#### [ASSIGNMENT]
For this exercise, the lines from the one with "Inscribed verso - In" through the final line of the data below are to be transcribed exactly, and pictures are to be skipped.

#### [RECORDS FOR THE EXERCISE]
---

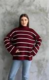 Kış aylarının vazgeçilmezi olan Çizgili İspanyol Kol Triko Boğazlı Kazak her stile kolayca uyum sağlar. Bordo rengi ve şık çizgileriyle dikkat çeken bu kazak, kadın giyim kategorisindeki favori parçalarınızdan biri olmaya aday.
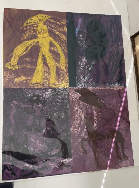 Inscribed verso - In collaboration with my sons Daen (8) and Borun (7) A celebration of our influences and our Aboriginality
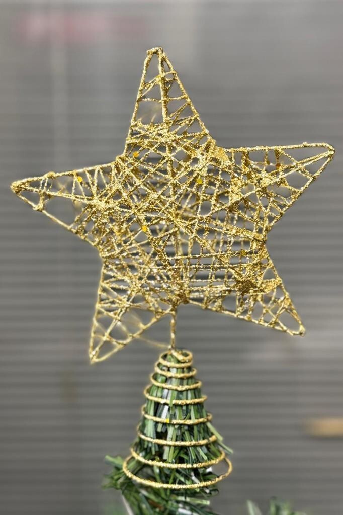 Beysüs Yılbaşı Çam Ağacı Tepeliği Tel Tepelik Gold Yılbaşı ağacınızı tamamlayacak parıltılı bir detay mı arıyorsunuz? 18 cm boyundaki Simli Tel Tepelik, çam ağacınızın en tepe noktasına ışıltılı bir dokunuş katmak için ideal! Parlak simli yapısı sayesinde gün ışığında ya da ışıklandırma altında göz alıcı bir görünüm sunar. Hafif ve esnek yapısıyla kolayca monte edilir. Yılbaşı ruhunu evinize taşımak için pratik, şık ve göz alıcı bir tercih!
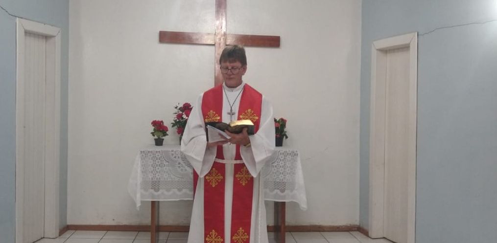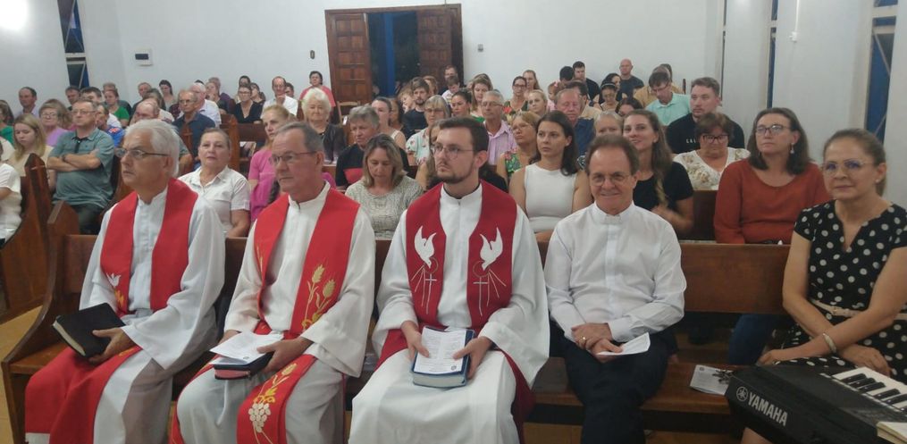 Pastor Conselheiro da Igreja Evangélica Luterana do Brasil Ismael Rediske, que dirige os trabalhos na Paróquia de São Miguel do Oeste, coordenou a instalação na noite deste domingo, 18, na igreja sede em Campo Erê.
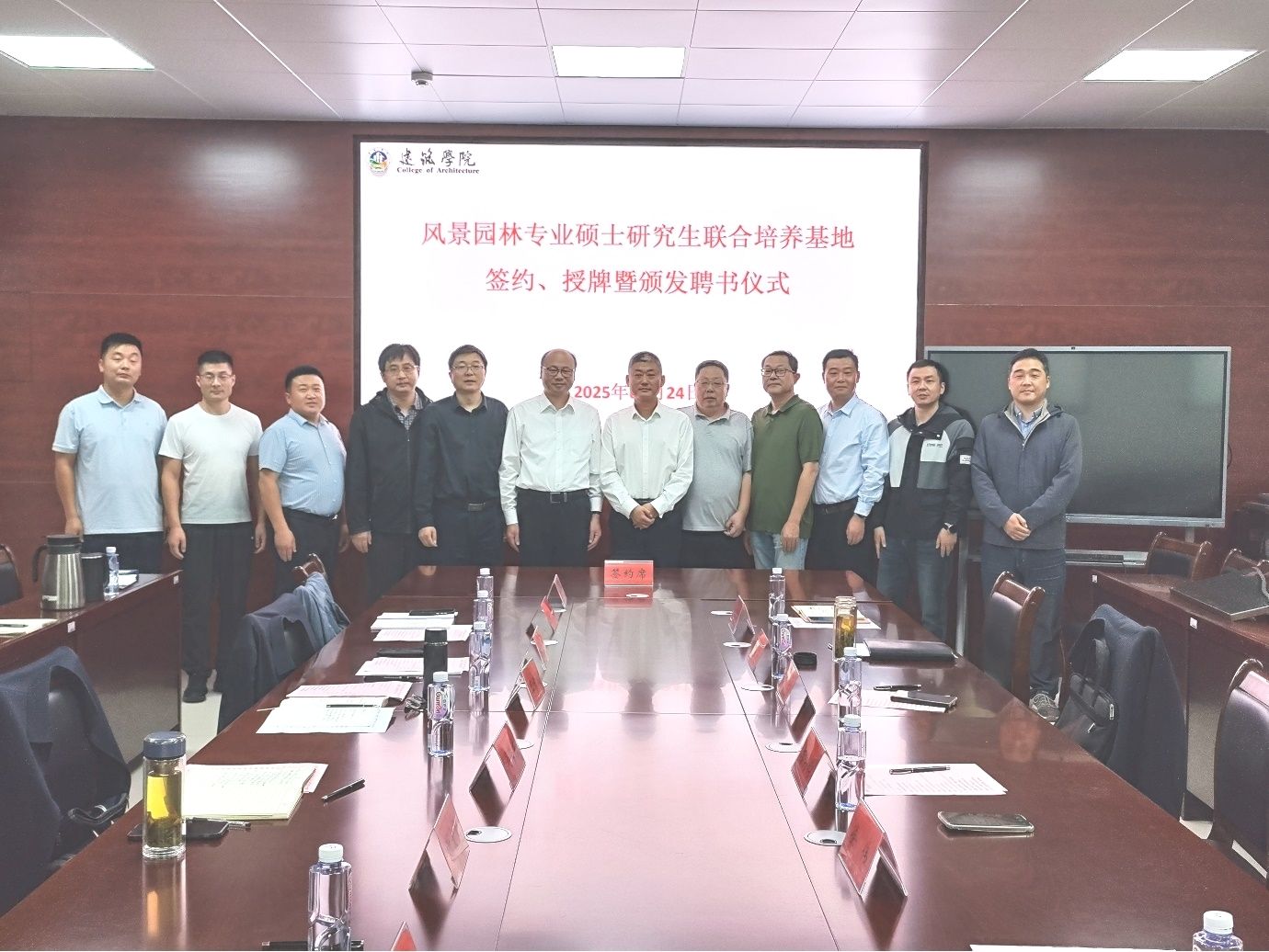 9月24日下午,校党委委员、副院长王孝义出席BB手机官方网站_BB(中国)与蚌埠市园林管理处等四家单位共建风景园林专业硕士研究生联合培养基地签约颁证仪式。蚌埠市园林管理处主任杨东、蚌埠市建筑设计院集团有限公司总经理凌建祥、蚌埠市规划设计研究院总工杨洪钧、安徽建工水利开发投资集团生态科技有限责任公司副经理李坤、研究生处处长、学科办主任张春雨、建筑学院副院长吴伟东、党委副书记谢宜勤等有关人员出席仪式。仪式由建筑学院副院长张伟主持。

---

#### [YOUR SOLUTION]
 Inscribed verso - In collaboration with my sons Daen (8) and Borun (7) A celebration of our influences and our Aboriginality
 Beysüs Yılbaşı Çam Ağacı Tepeliği Tel Tepelik Gold Yılbaşı ağacınızı tamamlayacak parıltılı bir detay mı arıyorsunuz? 18 cm boyundaki Simli Tel Tepelik, çam ağacınızın en tepe noktasına ışıltılı bir dokunuş katmak için ideal! Parlak simli yapısı sayesinde gün ışığında ya da ışıklandırma altında göz alıcı bir görünüm sunar. Hafif ve esnek yapısıyla kolayca monte edilir. Yılbaşı ruhunu evinize taşımak için pratik, şık ve göz alıcı bir tercih!
 Pastor Conselheiro da Igreja Evangélica Luterana do Brasil Ismael Rediske, que dirige os trabalhos na Paróquia de São Miguel do Oeste, coordenou a instalação na noite deste domingo, 18, na igreja sede em Campo Erê.
 9月24日下午,校党委委员、副院长王孝义出席BB手机官方网站_BB(中国)与蚌埠市园林管理处等四家单位共建风景园林专业硕士研究生联合培养基地签约颁证仪式。蚌埠市园林管理处主任杨东、蚌埠市建筑设计院集团有限公司总经理凌建祥、蚌埠市规划设计研究院总工杨洪钧、安徽建工水利开发投资集团生态科技有限责任公司副经理李坤、研究生处处长、学科办主任张春雨、建筑学院副院长吴伟东、党委副书记谢宜勤等有关人员出席仪式。仪式由建筑学院副院长张伟主持。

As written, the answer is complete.